WHAT THIS TASK INVOLVES:
Go to the line with "मोकरम वार्ड नंबर7" in the entries below and write out every line from there through the line with "Make your fish", exactly and without pictures.

SUPPLIED RECORDS:
....
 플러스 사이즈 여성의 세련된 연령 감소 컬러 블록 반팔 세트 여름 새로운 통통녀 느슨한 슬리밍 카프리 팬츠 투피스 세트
....
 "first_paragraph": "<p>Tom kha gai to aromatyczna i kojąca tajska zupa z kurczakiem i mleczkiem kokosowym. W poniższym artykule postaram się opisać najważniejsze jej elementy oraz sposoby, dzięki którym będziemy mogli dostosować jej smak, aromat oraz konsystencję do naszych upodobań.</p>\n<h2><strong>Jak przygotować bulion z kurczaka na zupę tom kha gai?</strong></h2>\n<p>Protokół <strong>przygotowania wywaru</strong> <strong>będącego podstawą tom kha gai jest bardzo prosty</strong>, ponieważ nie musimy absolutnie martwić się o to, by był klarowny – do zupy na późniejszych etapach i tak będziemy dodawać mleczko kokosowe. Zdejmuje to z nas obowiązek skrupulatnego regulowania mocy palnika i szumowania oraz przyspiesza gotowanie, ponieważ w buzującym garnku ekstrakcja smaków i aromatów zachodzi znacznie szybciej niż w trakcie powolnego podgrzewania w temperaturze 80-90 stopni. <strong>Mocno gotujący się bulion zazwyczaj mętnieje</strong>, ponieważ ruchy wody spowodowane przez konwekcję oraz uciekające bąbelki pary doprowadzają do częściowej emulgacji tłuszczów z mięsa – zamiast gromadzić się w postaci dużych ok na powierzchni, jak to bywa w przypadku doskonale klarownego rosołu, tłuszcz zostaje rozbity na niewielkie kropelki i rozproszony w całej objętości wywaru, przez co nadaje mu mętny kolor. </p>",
....
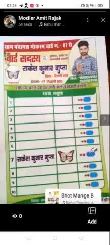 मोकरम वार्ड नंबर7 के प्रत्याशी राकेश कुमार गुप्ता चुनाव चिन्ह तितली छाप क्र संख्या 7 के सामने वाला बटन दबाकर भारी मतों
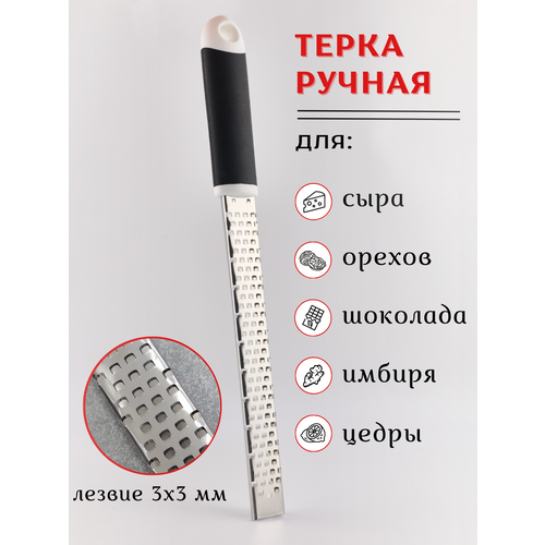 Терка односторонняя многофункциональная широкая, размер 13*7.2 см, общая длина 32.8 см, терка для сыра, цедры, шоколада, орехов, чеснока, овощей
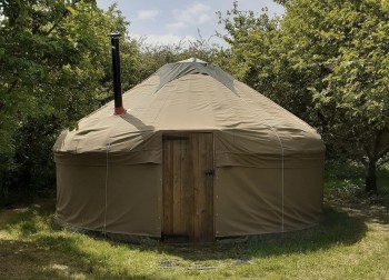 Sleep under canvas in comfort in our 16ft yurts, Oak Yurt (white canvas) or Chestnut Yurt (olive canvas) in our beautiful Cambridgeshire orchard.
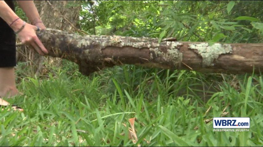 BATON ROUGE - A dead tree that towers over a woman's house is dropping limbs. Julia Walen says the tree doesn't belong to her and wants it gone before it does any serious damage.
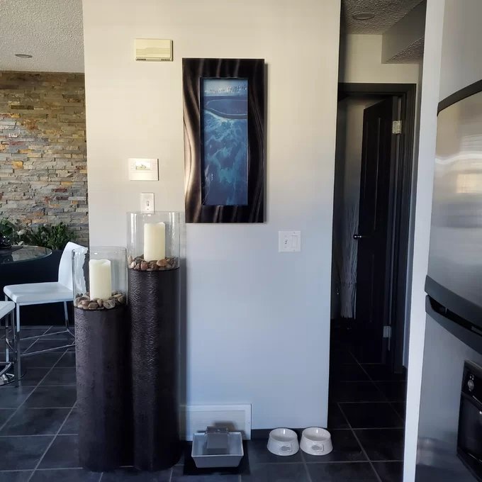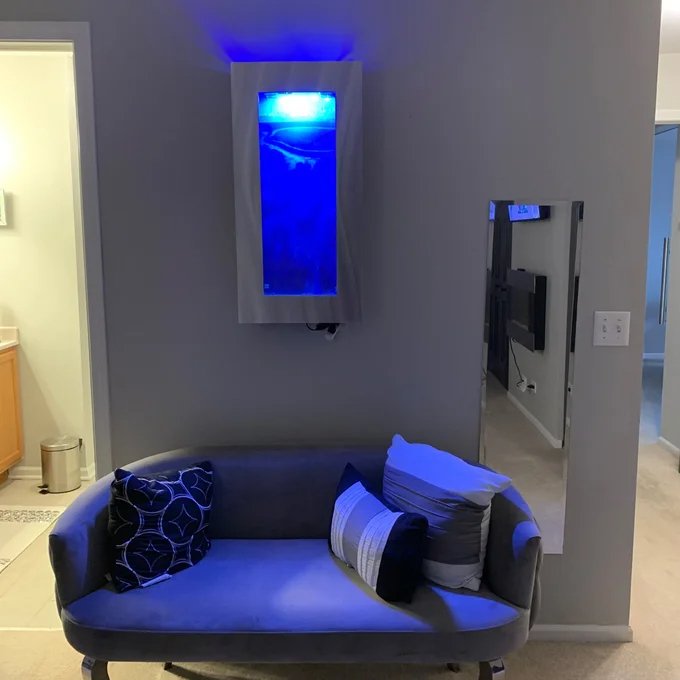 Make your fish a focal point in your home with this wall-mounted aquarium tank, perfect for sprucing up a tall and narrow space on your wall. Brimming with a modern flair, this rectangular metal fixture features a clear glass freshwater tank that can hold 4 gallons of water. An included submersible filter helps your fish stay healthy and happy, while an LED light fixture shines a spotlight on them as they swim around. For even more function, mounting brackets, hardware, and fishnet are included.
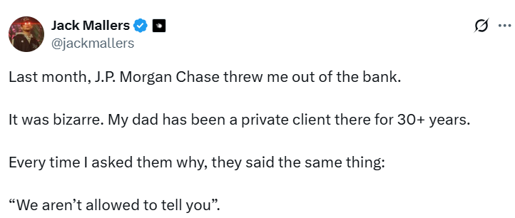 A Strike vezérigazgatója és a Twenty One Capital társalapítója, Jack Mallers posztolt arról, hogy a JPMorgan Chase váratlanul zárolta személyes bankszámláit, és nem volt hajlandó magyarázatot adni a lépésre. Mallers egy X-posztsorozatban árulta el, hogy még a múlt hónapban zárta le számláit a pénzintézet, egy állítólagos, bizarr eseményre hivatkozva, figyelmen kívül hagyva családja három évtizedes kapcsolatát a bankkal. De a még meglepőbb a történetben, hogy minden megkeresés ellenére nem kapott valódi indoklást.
....
EXERCISE SOLUTION:
 मोकरम वार्ड नंबर7 के प्रत्याशी राकेश कुमार गुप्ता चुनाव चिन्ह तितली छाप क्र संख्या 7 के सामने वाला बटन दबाकर भारी मतों
 Терка односторонняя многофункциональная широкая, размер 13*7.2 см, общая длина 32.8 см, терка для сыра, цедры, шоколада, орехов, чеснока, овощей
 Sleep under canvas in comfort in our 16ft yurts, Oak Yurt (white canvas) or Chestnut Yurt (olive canvas) in our beautiful Cambridgeshire orchard.
 BATON ROUGE - A dead tree that towers over a woman's house is dropping limbs. Julia Walen says the tree doesn't belong to her and wants it gone before it does any serious damage.
 Make your fish a focal point in your home with this wall-mounted aquarium tank, perfect for sprucing up a tall and narrow space on your wall. Brimming with a modern flair, this rectangular metal fixture features a clear glass freshwater tank that can hold 4 gallons of water. An included submersible filter helps your fish stay healthy and happy, while an LED light fixture shines a spotlight on them as they swim around. For even more function, mounting brackets, hardware, and fishnet are included.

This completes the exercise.